- Exercise goal -
All lines from the top of the records below through the line holding "Other notable projects", and only those, should be printed exactly, minus the pictures.

(Data entries)
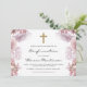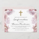 Ce magnifique design de Confirmation présente une belle bordure fleurie rose et violet sur un arrière - plan blanc avec une croix de couleur or au centre du design. Personnalisez le nom dans un joli script, et incluez des détails d'occasion importants. Le fond de l'invitation est un joli rose pastel.
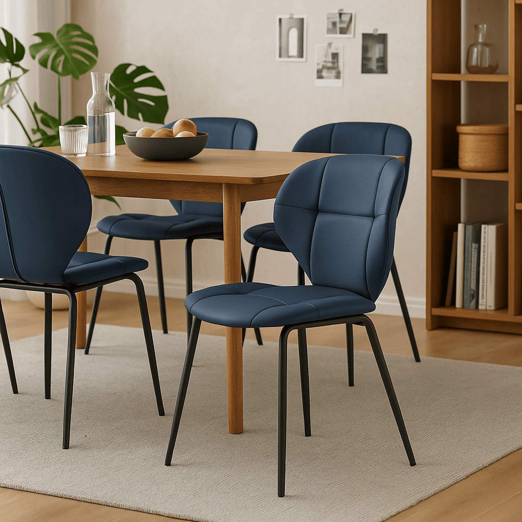 - Zit- en rugleuning: PU-leer, poten van zwart gelakt metaal.
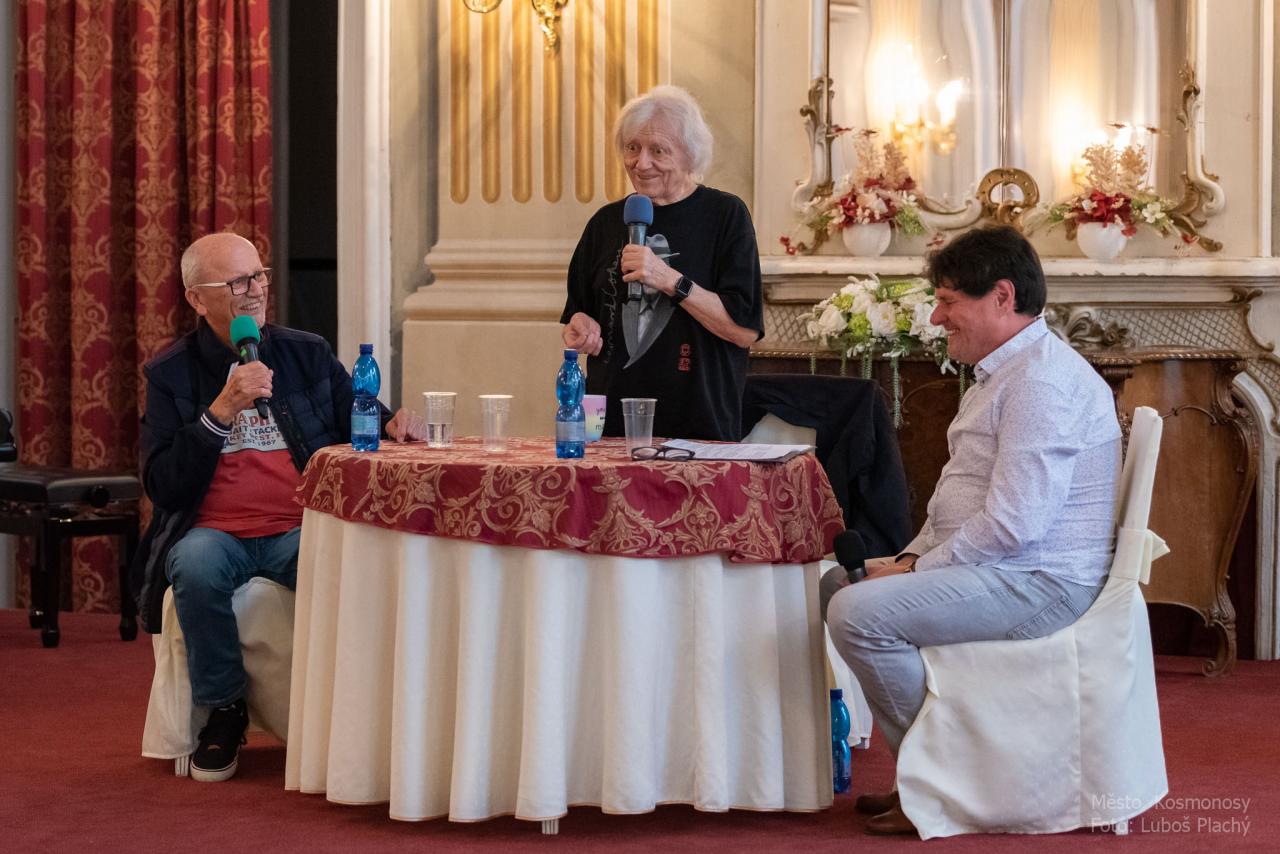 V rámci besed "Za zrcadlem" Pavla Petra přijali pozvání do zrcadlového sálu zámku Město Kosmonosy legendy naší populární hudby bratři - Václav a Jan Neckářovi. Příjemný večer s lidmi, co toho strašně moc dokázali. Velké poděkování patří p. Pavlu Petrovi za pozvání vzácných hostů.
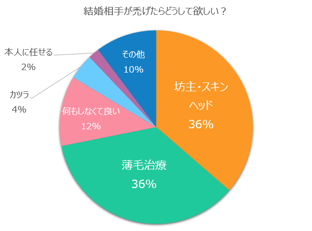 最も多かった回答は「坊主・スキンヘッド」と「病院での薄毛治療」で共に36%という結果。
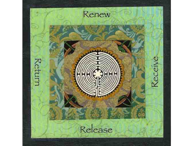 Mixed media labyrinth collage on archival matboard by Keddy Ann Outlaw. Approx. 4 x 4", sealed with a potective coating. Packaged in sealed cellophane for gift giving.
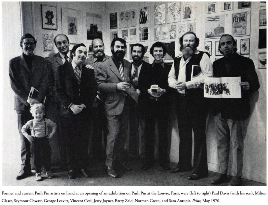 Other notable projects include program album layouts for musicians such as Peter, Paul & Mary, Simon & Garfunkel, and Carly Simon. This body of work garnered him awards from various trade organizations, including Art Director’s Club, Type Director’s Club, Society of Publication Designers, and AIGA. A collaborator in numerous studio exhibitions and retrospectives, in 1970 he participated in the creation and installation of “The Push Pin Style”. Traveling through Tokyo, Brazil, and various European cities – this became the first American graphic design studio show to be presented at the Louvre.
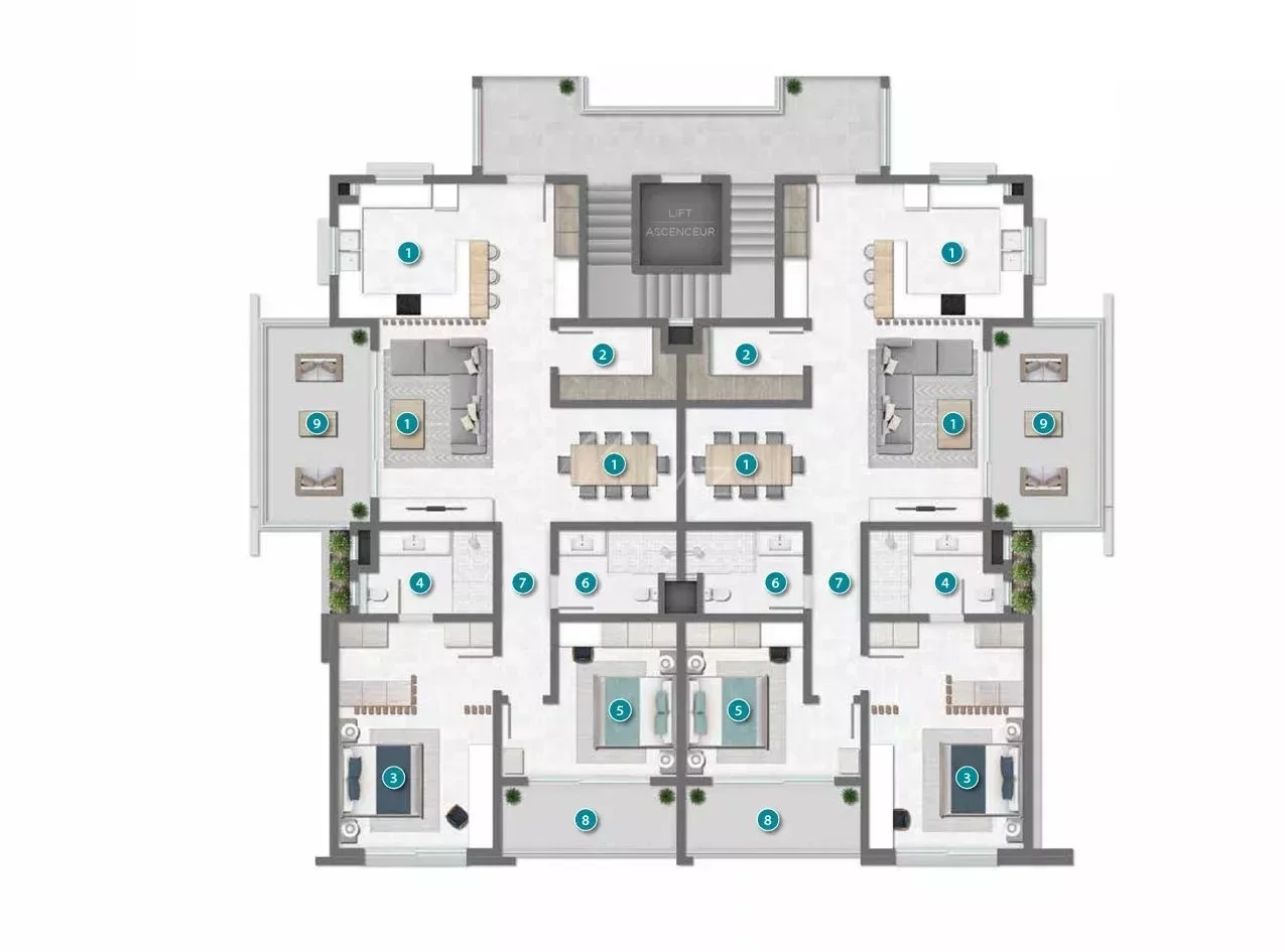 Das Design und die architektonische Gestaltung der Penthäuser wurden entwickelt, um ein Gefühl von Freiheit und Fließfähigkeit bereits beim Betreten zu vermitteln. Die großen, nahtlosen Räume lenken unseren Blick nach draußen, und die Küche ist zum Esszimmer und Wohnzimmer hin geöffnet, für einen gemütlichen Wohnraum. Das Hauptschlafzimmer ist als Kokon gestaltet, mit einer Terrasse, die sich zu einem herrlichen Ausblick öffnet und eine privilegierte Atmosphäre für einen außergewöhnlichen Lebensstil bietet.
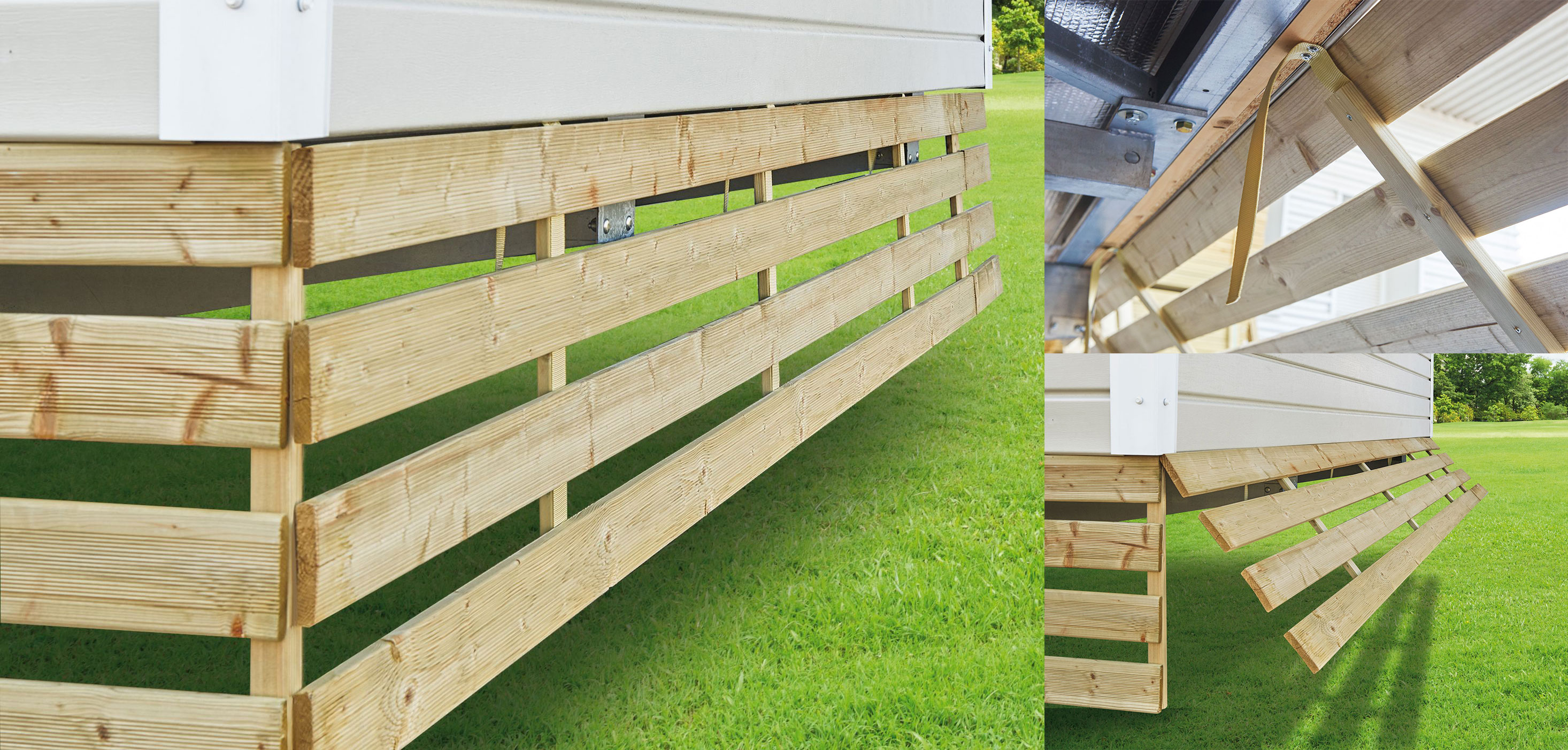 Kann lose oder vormontiert geliefert werden. Die Holzunterkonstuktionen verkleiden und schützen die Unterseite von Terrassen und Mobilheimen. Ästhetisch ansprechend und sicher für Kinder!
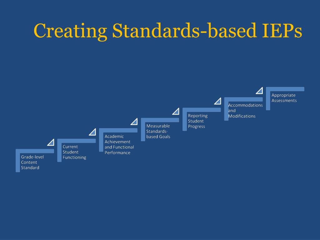 7 Steps to Standards-based IEPs This 7 step process can help school personnel to: a.) consider each student’s strengths and needs to develop goals focused on closing the gap between the student’s levels of academic achievement and grade level standards; and b.) use data to make decisions.
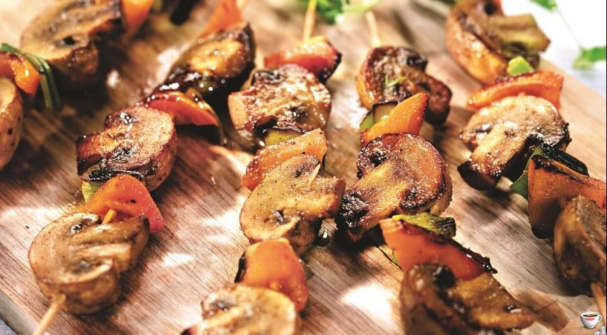 Если у вас есть друг-вегетарианец, не стоит оставлять его голодным. Вы не поверите, но овощной шашлык — это тоже очень вкусно. Наверняка и сами умнёте пару кусочков в качестве гарнира к вашему «настоящему» шашлыку.
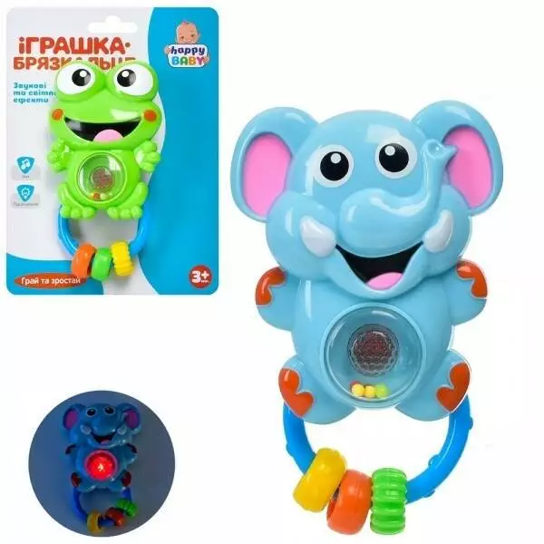 Брязкальце HB 0018 AB тварина, 2 види, муз., світло, бат. (табл.), лист, 15-20-4,5 см.
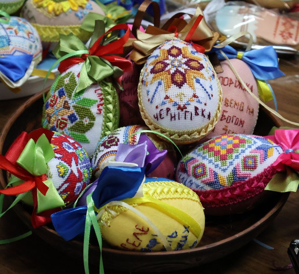 Волонтерка Віра Лобач створила одразу 20 неповторних вишитих писанок, а викладачка Лідія Лелека вишила свої роботи бісером.
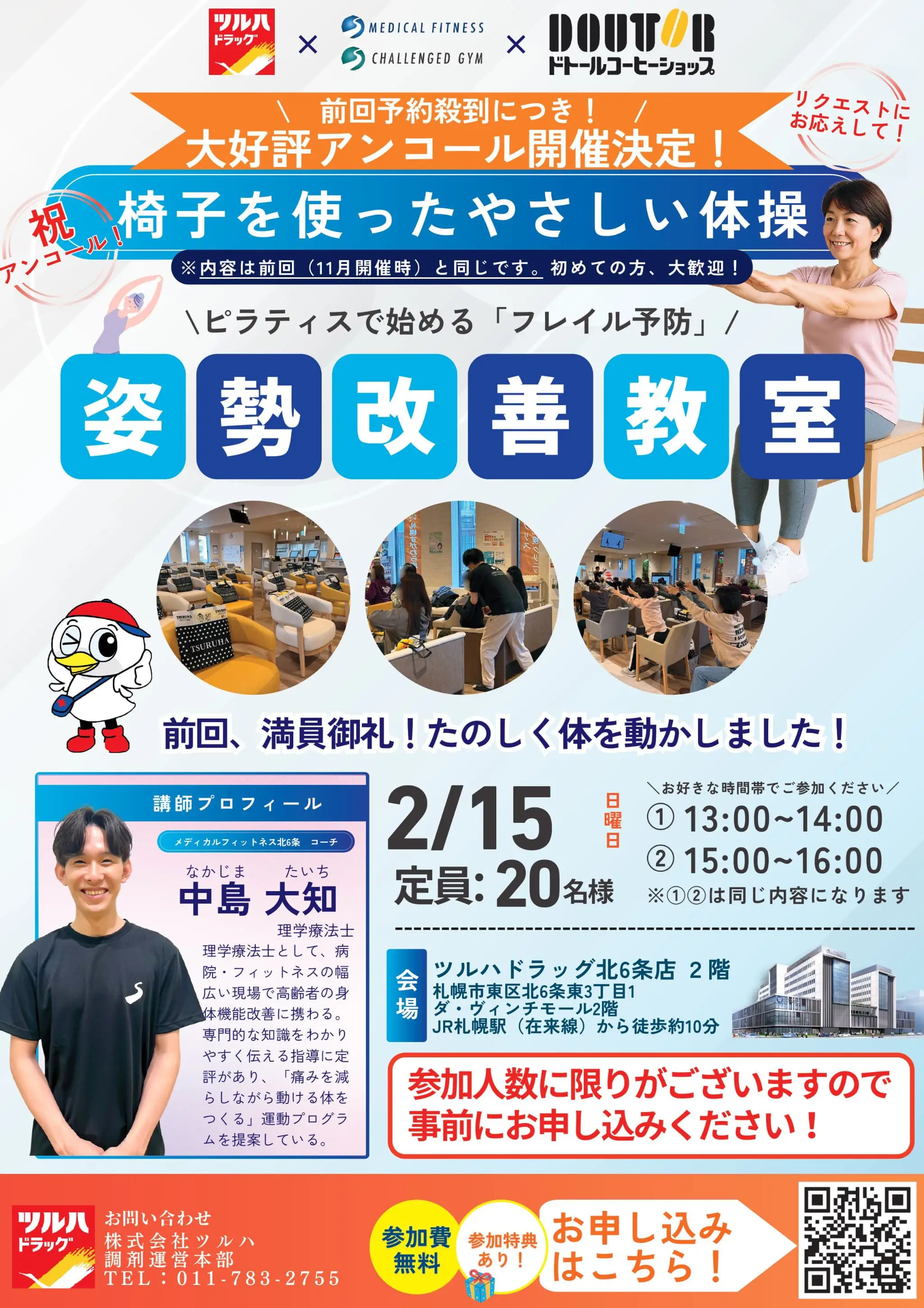 【ツルハ様主催】前回は満員御礼!「姿勢改善教室」アンコール開催が決定
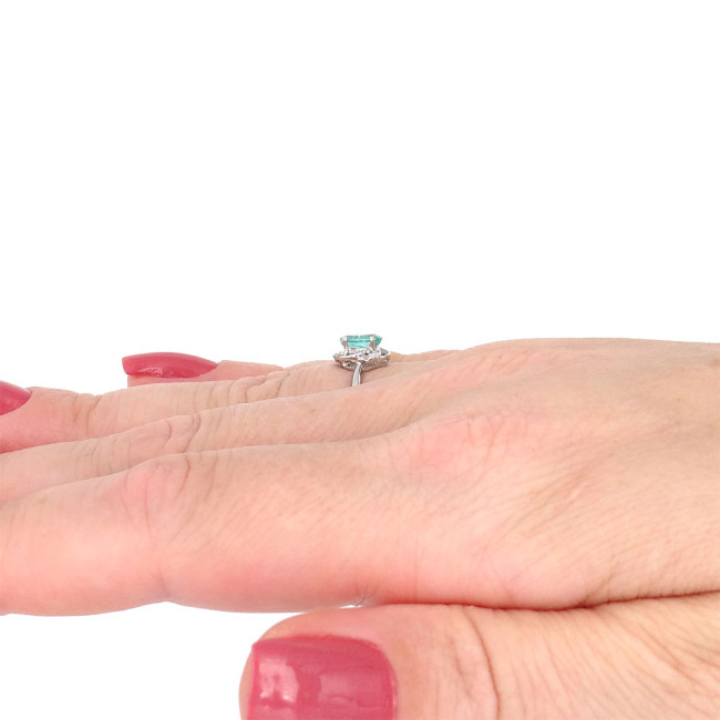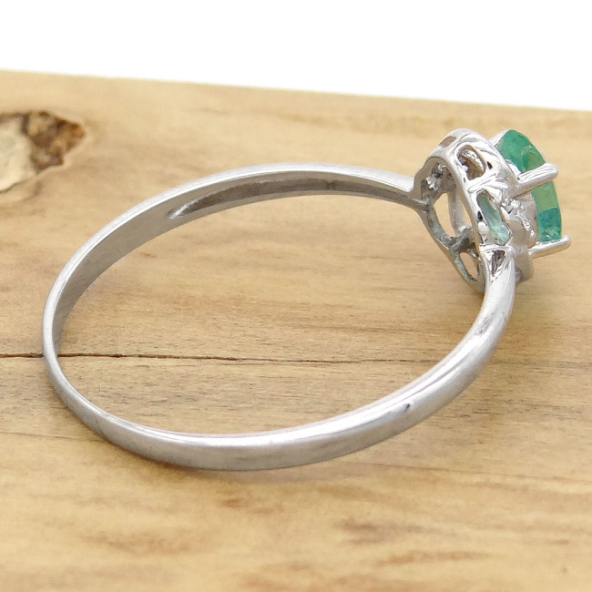 Anel com Esmeralda de 45 Pontos e 10 Diamantes, em Ouro Branco 18 Kilates

- Response below -
 Ce magnifique design de Confirmation présente une belle bordure fleurie rose et violet sur un arrière - plan blanc avec une croix de couleur or au centre du design. Personnalisez le nom dans un joli script, et incluez des détails d'occasion importants. Le fond de l'invitation est un joli rose pastel.
 - Zit- en rugleuning: PU-leer, poten van zwart gelakt metaal.
 V rámci besed "Za zrcadlem" Pavla Petra přijali pozvání do zrcadlového sálu zámku Město Kosmonosy legendy naší populární hudby bratři - Václav a Jan Neckářovi. Příjemný večer s lidmi, co toho strašně moc dokázali. Velké poděkování patří p. Pavlu Petrovi za pozvání vzácných hostů.
 最も多かった回答は「坊主・スキンヘッド」と「病院での薄毛治療」で共に36%という結果。
 Mixed media labyrinth collage on archival matboard by Keddy Ann Outlaw. Approx. 4 x 4", sealed with a potective coating. Packaged in sealed cellophane for gift giving.
 Other notable projects include program album layouts for musicians such as Peter, Paul & Mary, Simon & Garfunkel, and Carly Simon. This body of work garnered him awards from various trade organizations, including Art Director’s Club, Type Director’s Club, Society of Publication Designers, and AIGA. A collaborator in numerous studio exhibitions and retrospectives, in 1970 he participated in the creation and installation of “The Push Pin Style”. Traveling through Tokyo, Brazil, and various European cities – this became the first American graphic design studio show to be presented at the Louvre.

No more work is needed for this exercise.